# Task prompt
Repeat precisely the line in which "16822 Chagrin Boulevard" occurs and all lines that follow it in the entries below. Pictures must be omitted.
= = = = = = =
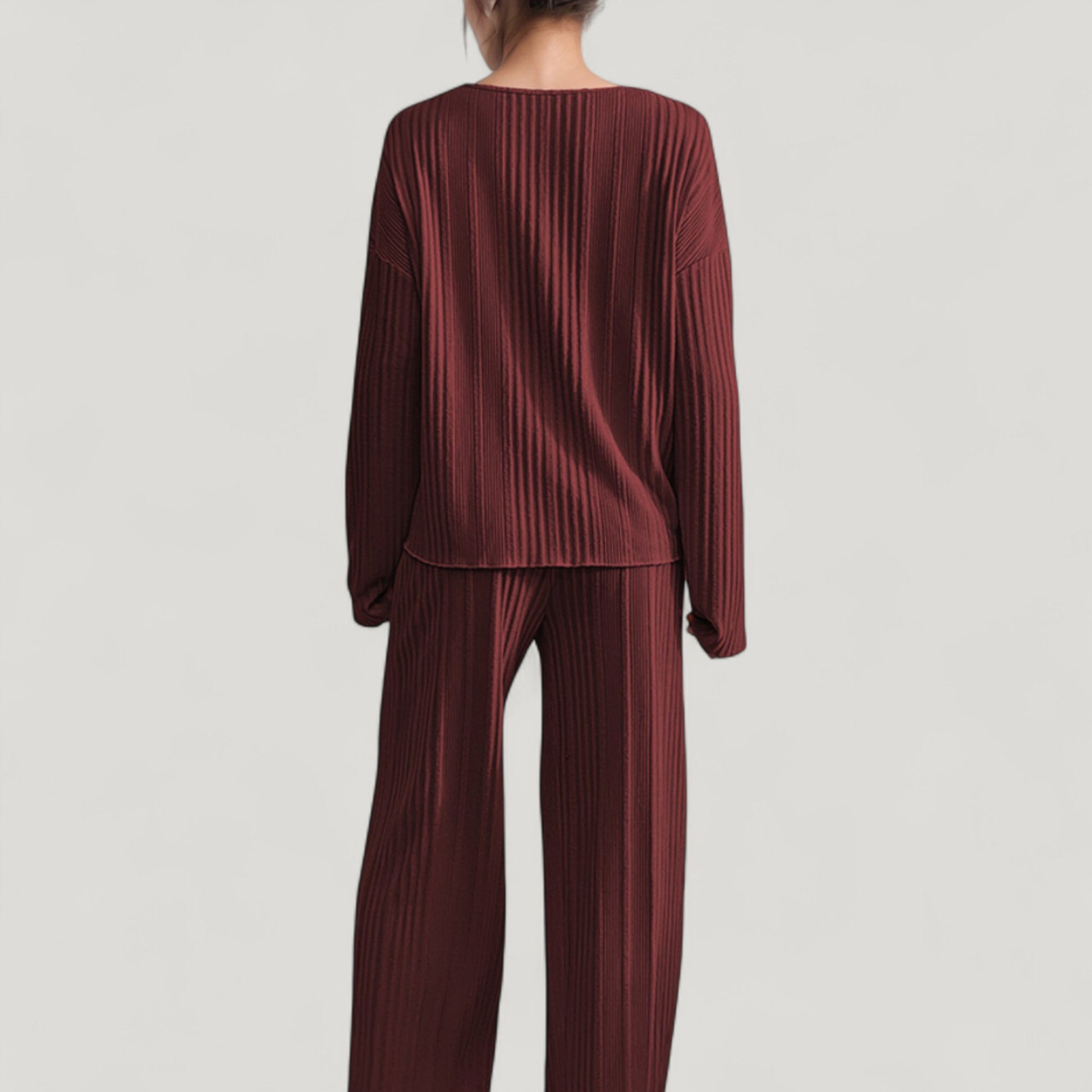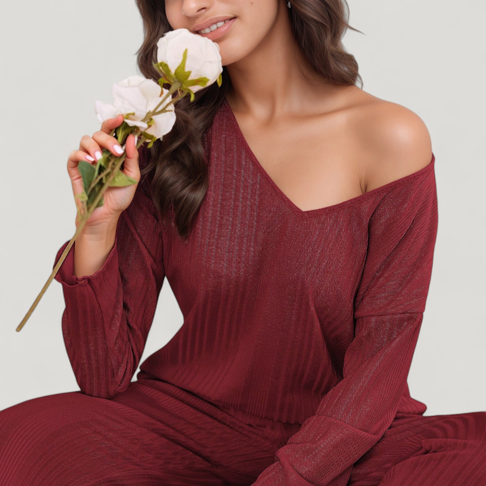 The Anna-Kaci Women's Pajama Set combines modern style with everyday comfort in this effortlessly chic two-piece design. The ribbed knit fabric adds subtle texture, while the long sleeve crop top and high-waisted pants offer a flattering silhouette. Soft, stretchy, and breathable, this set is ideal for lounging at home or casual daywear. A versatile addition to your laid-back wardrobe.
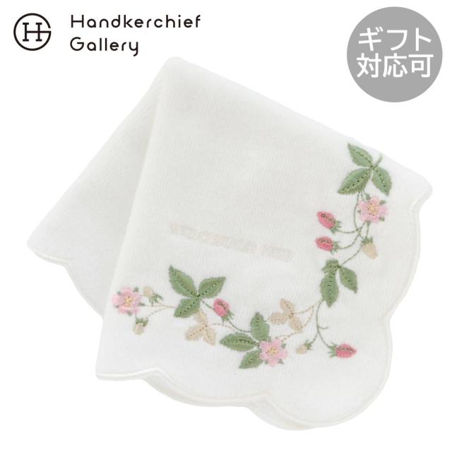 ウェッジウッド タオルハンカチ ワイルドストロベリー 刺繍 ホワイト 【WEDGWOOD】
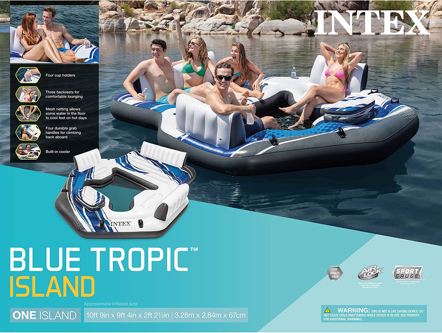 Load up your friends and family and relax on the water with the Blue Tropic Inflatable Water Float from Intex. Your pals will love cracking open a few cold drinks on this raft as you ride the waves of the water. With 4 cup holders and a built-in cooler, you can keep your favorite beverage within reach while the others stay extra chill. Even on the hottest summer days, you're able to remain cool with the mesh floor netting. Featuring 3 backrests, this raft provides maximum comfort as you float in the lake or swimming pool. Quickly inflate the float and be on the water in no time. The heavy-duty handles allow you to climb aboard with ease and ensure simple transportation to and from the water. When not in use, fold the raft for compact storage. Float out and relax for the day with the Blue Tropical Island Floating Raft from Intex.
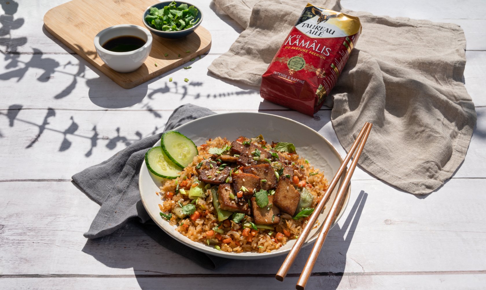 Sinon, utiliser un reste de riz cuit en trop, en ajustant les proportions de cette recette.Le jour même, couper le tofu en tranches de 3 mm d’épaisseur. Laver puis couper les haricots et les carottes.
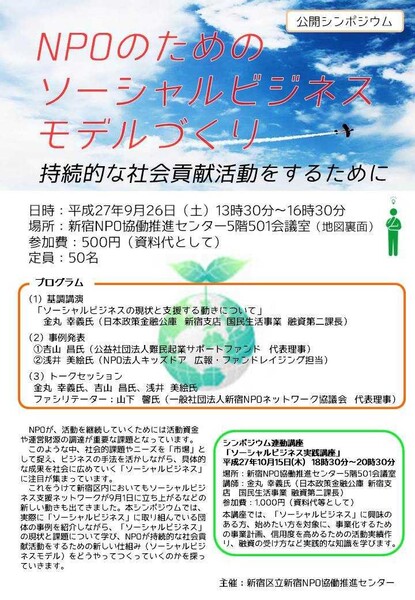 - 公開シンポジウム NPOのためのソーシャルビジネスモデルづくり
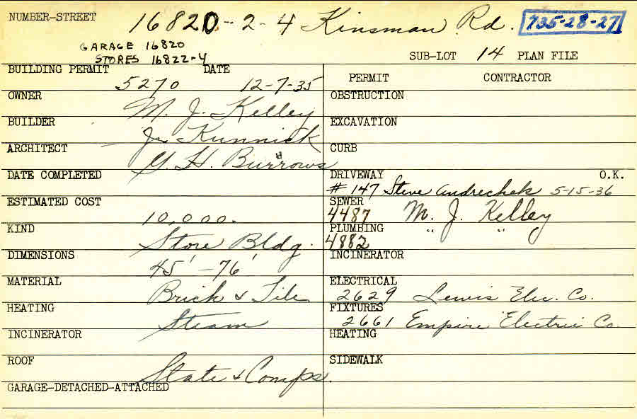16822 Chagrin Boulevard Shaker Heights, OH 44120 PARCEL ID: 735-28-027 Building Permit Date: 12-07-1935 Plan File Number: 20-07 scanned, 4264 scanned, 5893, 5921, 7776, 10403, 10490, 11104 Microfilm Roll: Roll020, Roll062, Roll#79, Roll#80, Roll#94, NewRoll#4, NewRoll#7 Neighborhood: Lomond Owner: Kelley, M. J. Builder: Kunnick, J. Architect: Burrows, G. H. Estimated Cost: 10000 Kind: Commercial - Retail or Office Material: Brick and Tile Heating: Steam Roof: Slate |
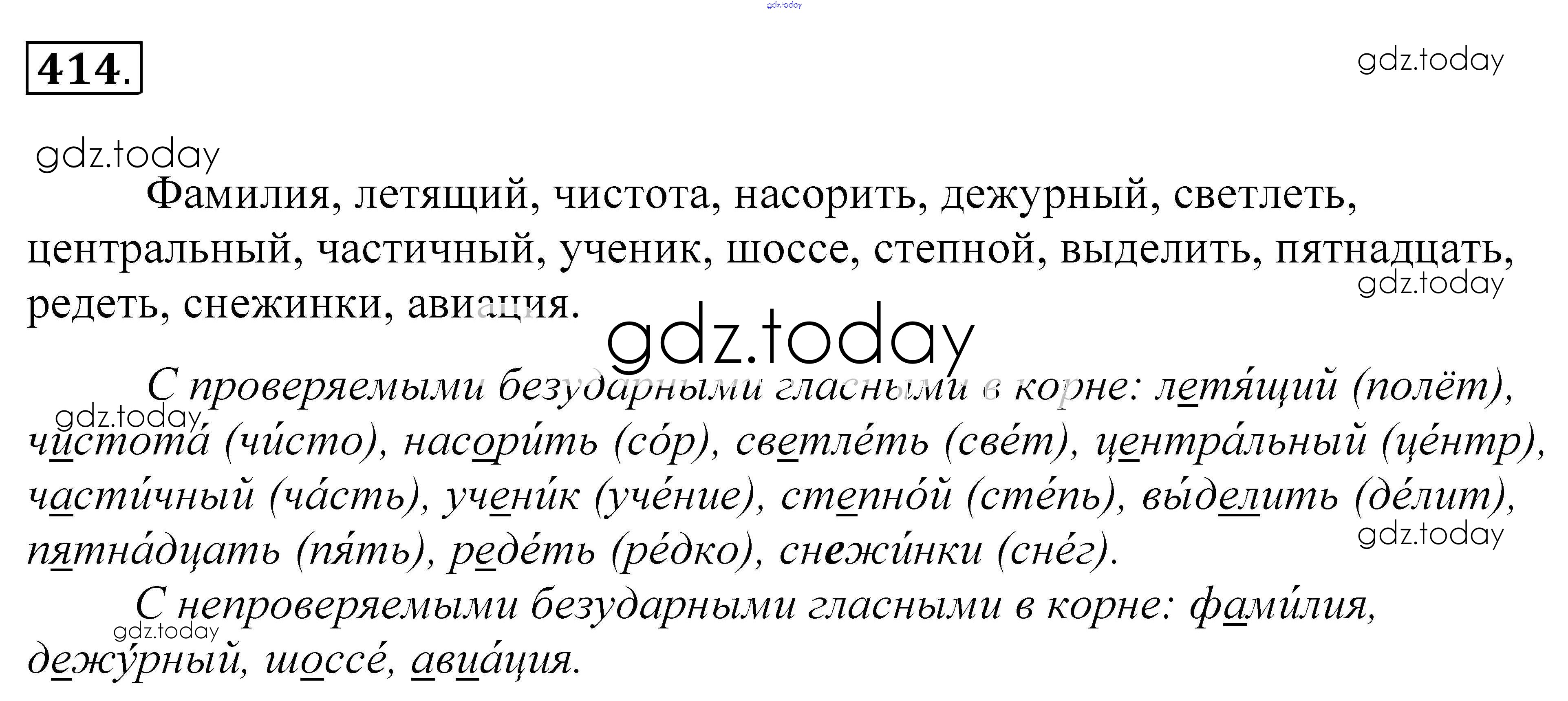 На страницах сайта gdz.today вы найдете учебный и вспомогательный материал, направленный на улучшения знаний школьной программы. ГДЗ - онлайн мир знаний Решение к упражнениям 414 Учебнику по Русскому языку для 5 класса Купалова, Еремеева Дрофа 2015
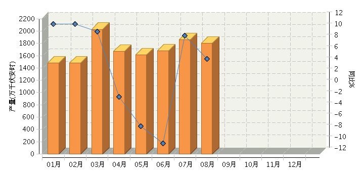 根據(jù)國(guó)家統(tǒng)計(jì)局公布數(shù)據(jù),2016年1~8月全國(guó)鉛酸蓄電池行業(yè)累計(jì)完成產(chǎn)量同比增長(zhǎng)4.25%。其中:8月份完成產(chǎn)量同比增長(zhǎng)4.91%。2016年全國(guó)鉛酸蓄電池行業(yè)月度產(chǎn)量及同比如下圖所示。
= = = = = = =
# Problem solution
16822 Chagrin Boulevard Shaker Heights, OH 44120 PARCEL ID: 735-28-027 Building Permit Date: 12-07-1935 Plan File Number: 20-07 scanned, 4264 scanned, 5893, 5921, 7776, 10403, 10490, 11104 Microfilm Roll: Roll020, Roll062, Roll#79, Roll#80, Roll#94, NewRoll#4, NewRoll#7 Neighborhood: Lomond Owner: Kelley, M. J. Builder: Kunnick, J. Architect: Burrows, G. H. Estimated Cost: 10000 Kind: Commercial - Retail or Office Material: Brick and Tile Heating: Steam Roof: Slate |
 На страницах сайта gdz.today вы найдете учебный и вспомогательный материал, направленный на улучшения знаний школьной программы. ГДЗ - онлайн мир знаний Решение к упражнениям 414 Учебнику по Русскому языку для 5 класса Купалова, Еремеева Дрофа 2015
 根據(jù)國(guó)家統(tǒng)計(jì)局公布數(shù)據(jù),2016年1~8月全國(guó)鉛酸蓄電池行業(yè)累計(jì)完成產(chǎn)量同比增長(zhǎng)4.25%。其中:8月份完成產(chǎn)量同比增長(zhǎng)4.91%。2016年全國(guó)鉛酸蓄電池行業(yè)月度產(chǎn)量及同比如下圖所示。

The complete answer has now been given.